EXERCISE OBJECTIVE: Among the records below, find the line that has "04451 | RUBINETTO"; from there, give the lines again exactly, and stop after the line that has "会议的第一个环节为教学观摩活".

DATASET ENTRIES:

____________

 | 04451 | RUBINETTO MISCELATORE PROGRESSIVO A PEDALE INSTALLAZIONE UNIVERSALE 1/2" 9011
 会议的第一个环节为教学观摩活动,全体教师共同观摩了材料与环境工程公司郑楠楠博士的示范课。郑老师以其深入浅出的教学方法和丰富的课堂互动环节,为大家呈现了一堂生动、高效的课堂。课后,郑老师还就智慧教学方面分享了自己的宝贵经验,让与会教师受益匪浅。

____________

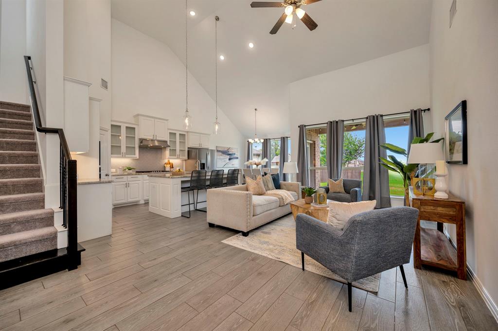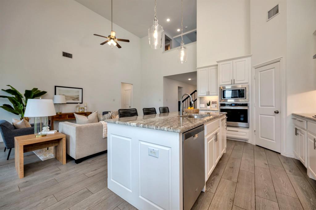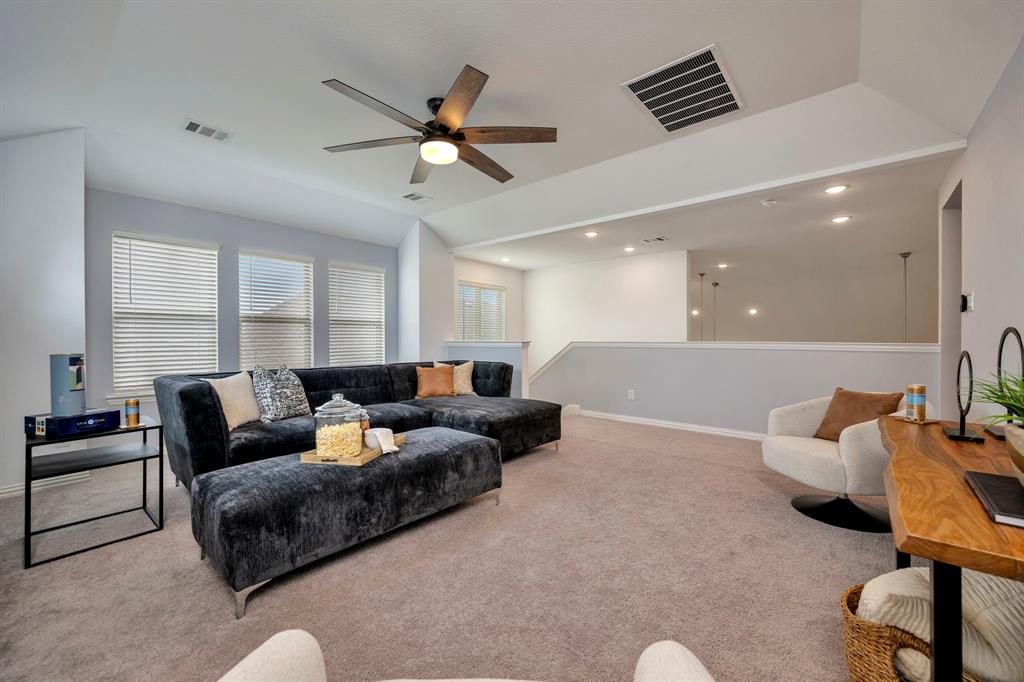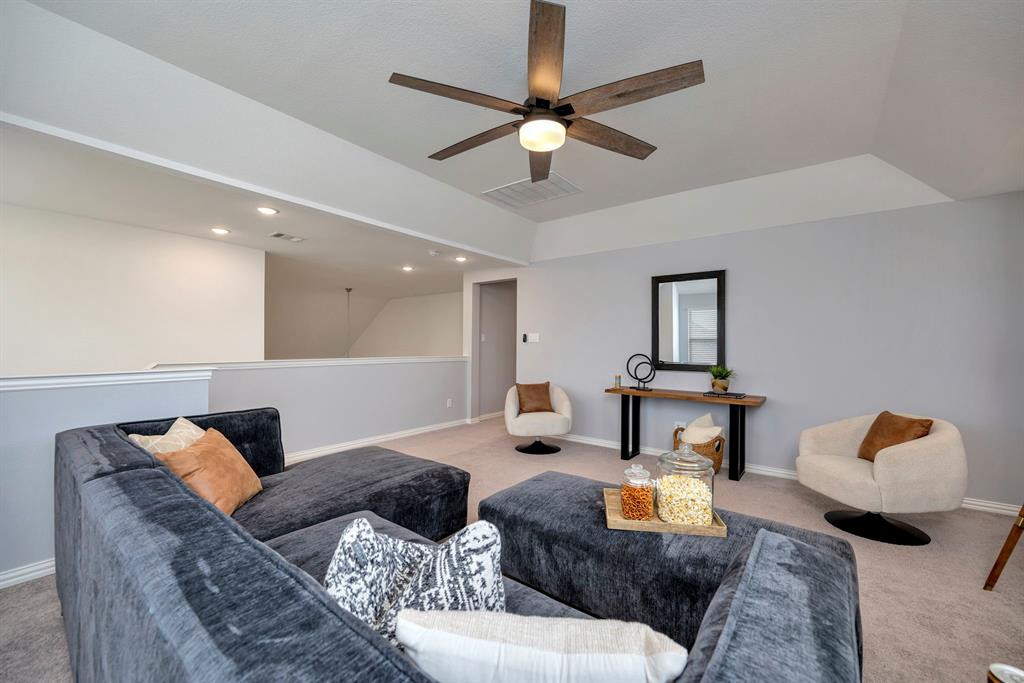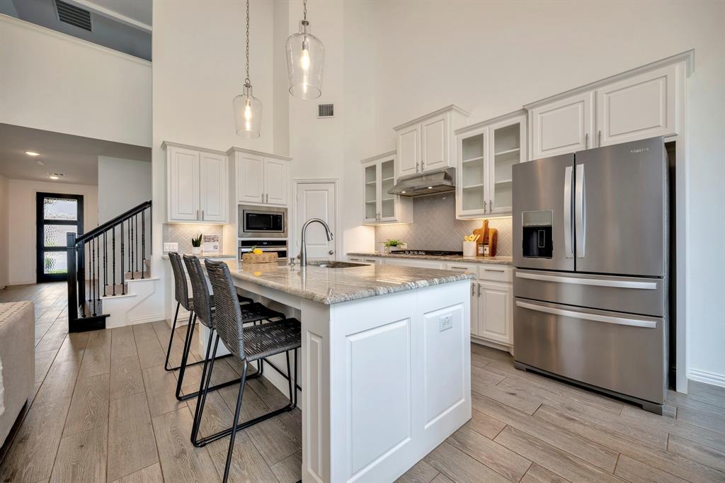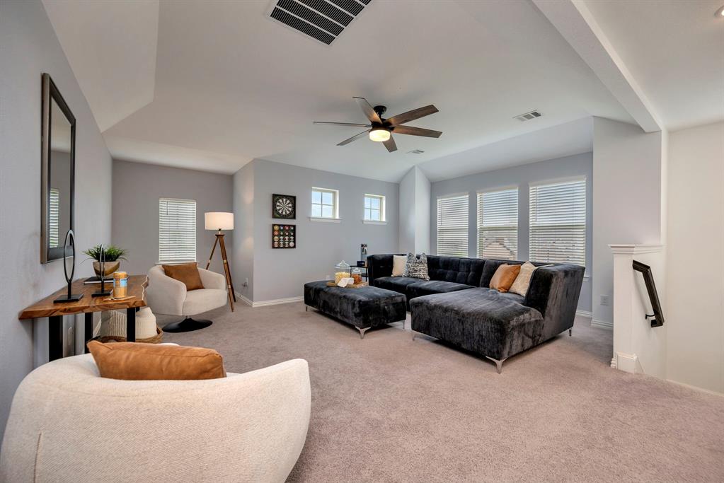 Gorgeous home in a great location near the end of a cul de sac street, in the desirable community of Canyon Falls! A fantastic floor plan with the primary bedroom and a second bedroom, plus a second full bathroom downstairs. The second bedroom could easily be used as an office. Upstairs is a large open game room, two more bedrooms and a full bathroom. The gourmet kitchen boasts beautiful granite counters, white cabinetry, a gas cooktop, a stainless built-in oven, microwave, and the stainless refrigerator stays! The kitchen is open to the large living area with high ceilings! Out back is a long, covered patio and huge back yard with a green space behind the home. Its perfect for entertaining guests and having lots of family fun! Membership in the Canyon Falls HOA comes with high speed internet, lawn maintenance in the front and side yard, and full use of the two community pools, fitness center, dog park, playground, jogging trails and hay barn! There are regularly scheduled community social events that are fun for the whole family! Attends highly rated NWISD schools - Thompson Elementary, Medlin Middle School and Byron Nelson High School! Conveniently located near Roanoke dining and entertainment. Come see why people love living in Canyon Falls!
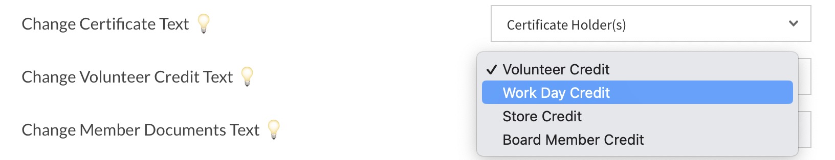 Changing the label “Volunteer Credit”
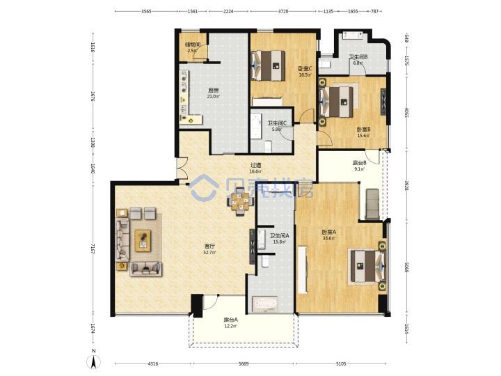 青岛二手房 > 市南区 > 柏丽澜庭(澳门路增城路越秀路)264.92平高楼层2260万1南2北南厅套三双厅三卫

____________

EXERCISE RESPONSE:
 | 04451 | RUBINETTO MISCELATORE PROGRESSIVO A PEDALE INSTALLAZIONE UNIVERSALE 1/2" 9011
 会议的第一个环节为教学观摩活动,全体教师共同观摩了材料与环境工程公司郑楠楠博士的示范课。郑老师以其深入浅出的教学方法和丰富的课堂互动环节,为大家呈现了一堂生动、高效的课堂。课后,郑老师还就智慧教学方面分享了自己的宝贵经验,让与会教师受益匪浅。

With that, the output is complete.